Zhigang Qi, Weimin Wang, Xihua Zhang

In our new paper published in npj materials degradation “Improving the degradation and magnetization performance of FePC amorphous alloys by annealing treatment”, we investigated the effects of annealing treatment on the dye degradation performance and magnetization performance of FePC amorphous ribbons. In this blog post, instead of going into the details of the study, we will tell how this research originated, evolved, and ultimately ended as a publication. 

Inspiration

The extensive use of synthetic dyes in printing and dying industries has brought serious environmental problems [1]. Owing to their high surface active sites induced by disordered atomic packing structure and residual internal stress, Fe-based amorphous alloys ribbons are one of the catalysts which are applied in degrading various printing and dying wastewaters [2].

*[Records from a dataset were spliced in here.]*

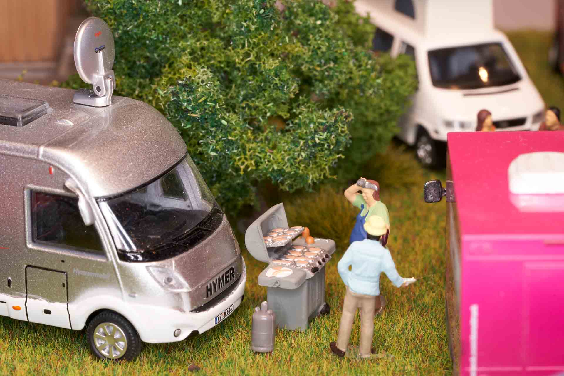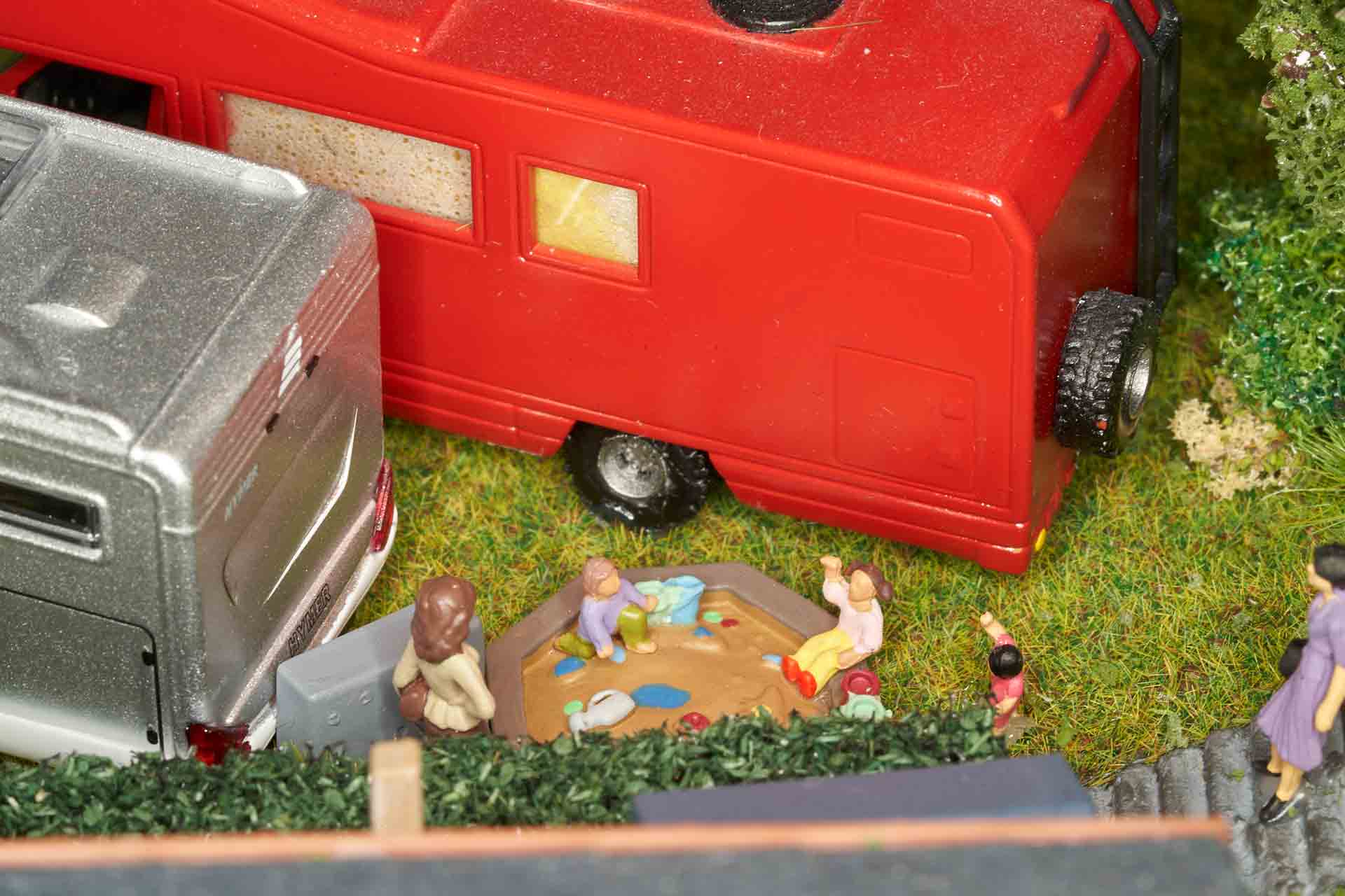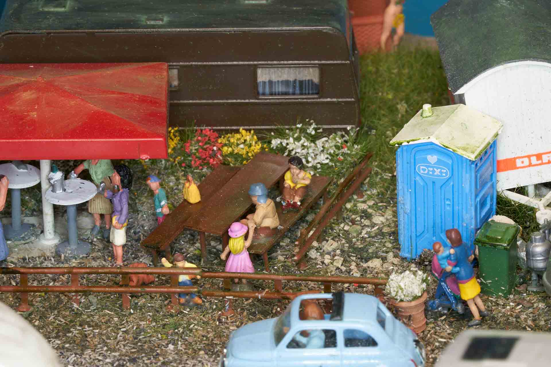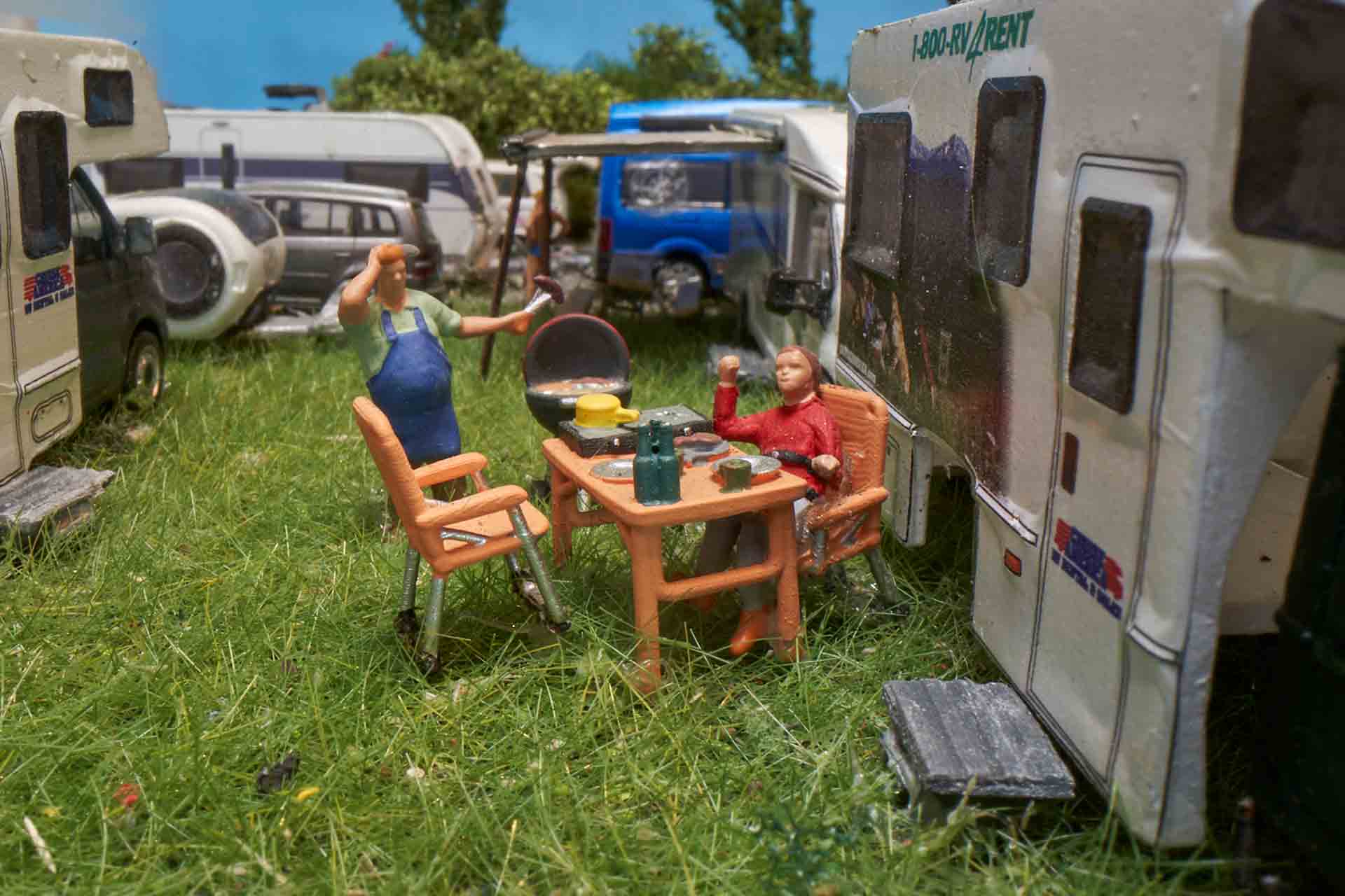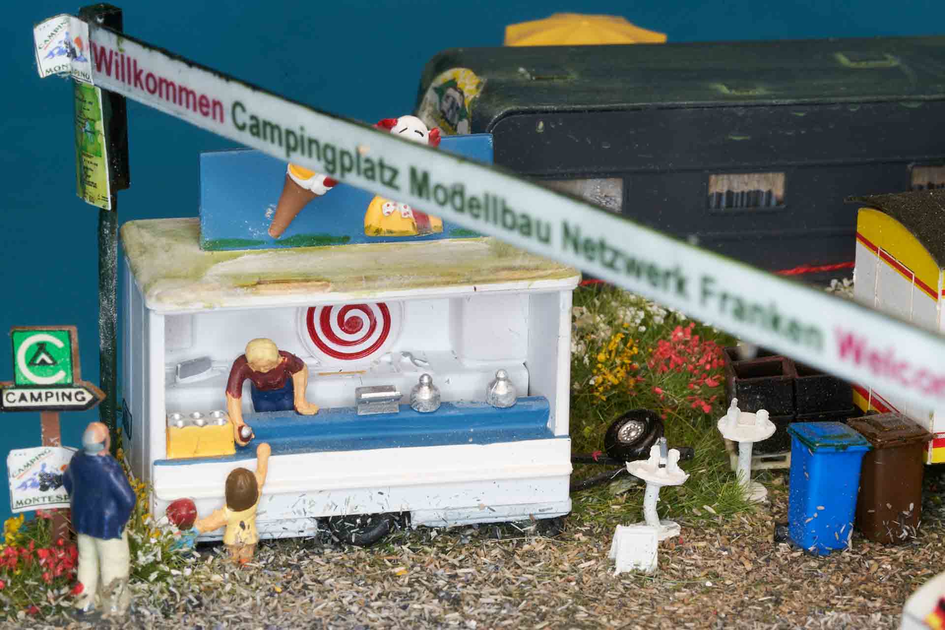 Each participant had their own vision of a camping scene, meaning there were very different and interesting details to find: from an ice cream van to a snack bar with bar tables, a sandpit for the children, a brick barbecue area, and a shower block, it was a broad overview. But there were usually campers to be seen barbecuing right next to their motorhomes or caravans and getting together in a cozy atmosphere. Have fun studying the pictures and discovering the many details.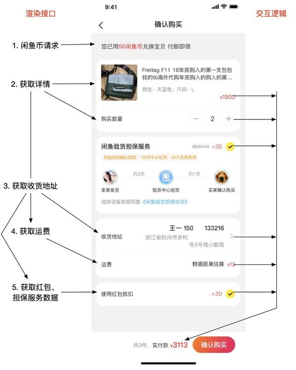 下面以闲鱼下单页一体化为例,通过页面渲染与交互两部分展开一体化实践过程。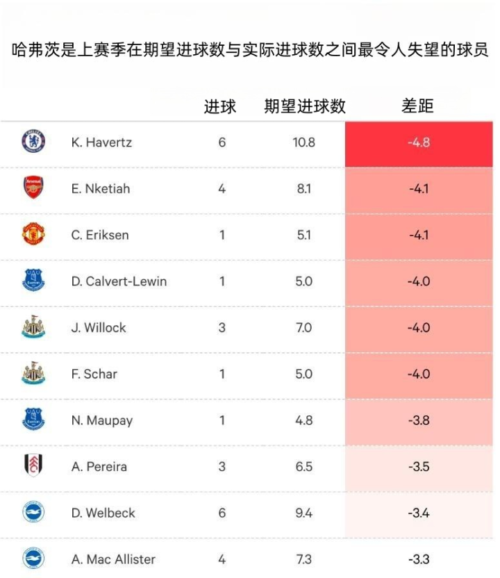 有时我们能感觉到哈弗茨身上背负了太大的压力,因为在大部分时间里他阿是切尔西的正印中锋和主要威胁点。2022-23赛季,哈弗茨是英超在期望进球数上表现最差的球员,但值得一提的是,在勒沃库森的最后两个赛季,他的实际进球数都超出了期望进球数。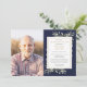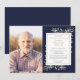 En elegant personlig botanisk akvarell i marinblå med grönska firande av liv minnesinbjudan. Designad av Thisisnotme©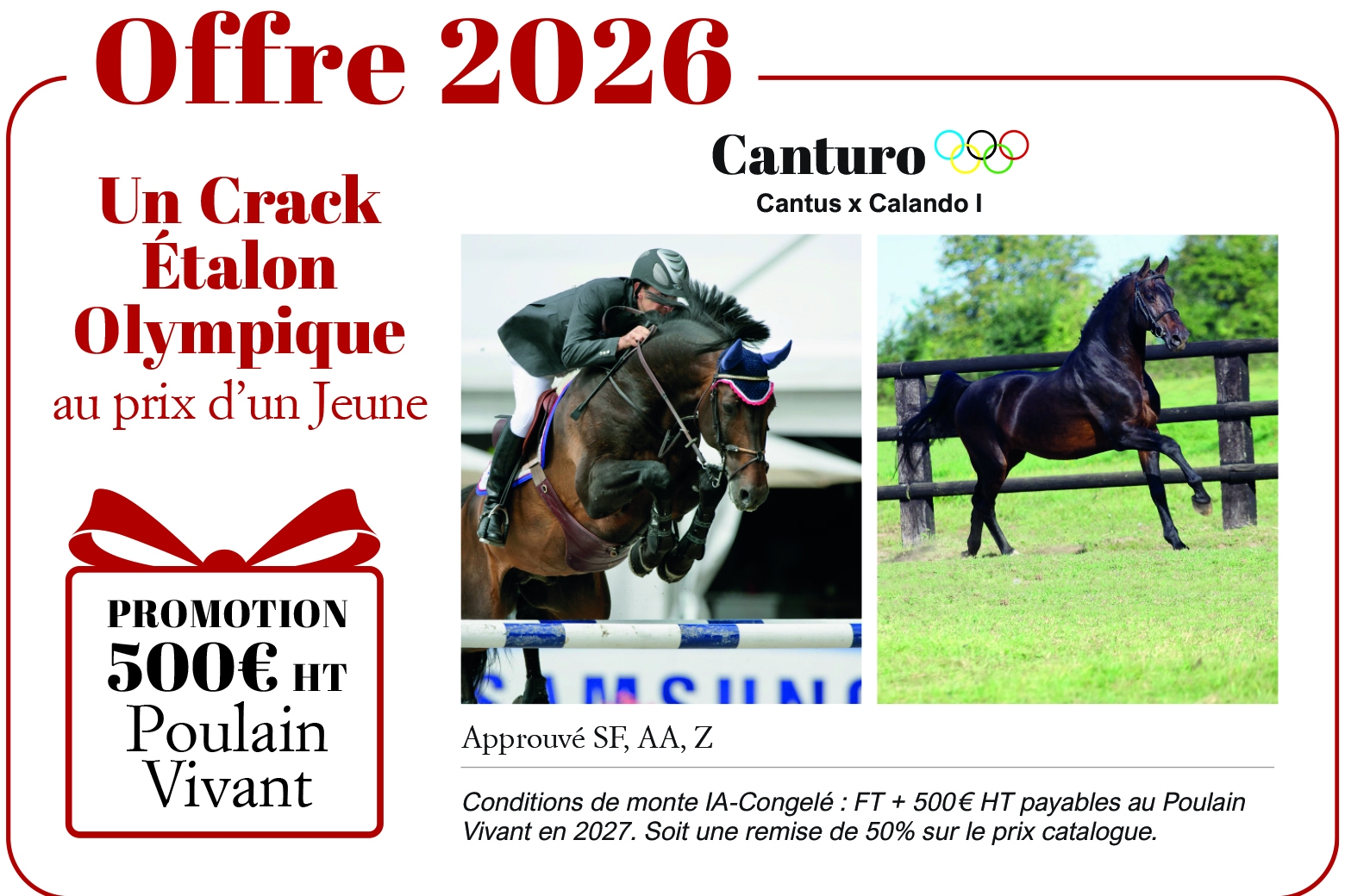 Conditions de monte en semence congelée: FT + 500 € HT payables au Poulain Vivant en 2027. Soit une remise de 50% sur le prix catalogue!

The energy-efficient and time-saving annealing treatment is one of the methods, which applies to improve the degradation performance of Fe-based amorphous alloys ribbons [3, 4]. However, the mechanism of annealing still needs to be further clarified. For example, Chen et al found that the multiphase annealed (Fe73.5Si13.5B9Nb3Cu1)91.5Ni8.5 ribbons show much better degradation performance in Orange II than their metallic glass counterparts [5], while it is also reported that Fe78Si9B13 amorphous ribbons showed better degradation performance for 3,5-dichlorosalicylic acid dye solution compared to their annealed ribbons [6].

On the other hand, the annealing treatment is an important method to improve the magnetization performance of the amorphous alloys [7, 8]. Besides, it is reported that the external magnetic field can remarkably enhance the degradation performance of Fe78Si9B13 amorphous ribbons [9]. However, almost no research has studied the relationship between magnetization and degradation performance of annealed Fe based amorphous.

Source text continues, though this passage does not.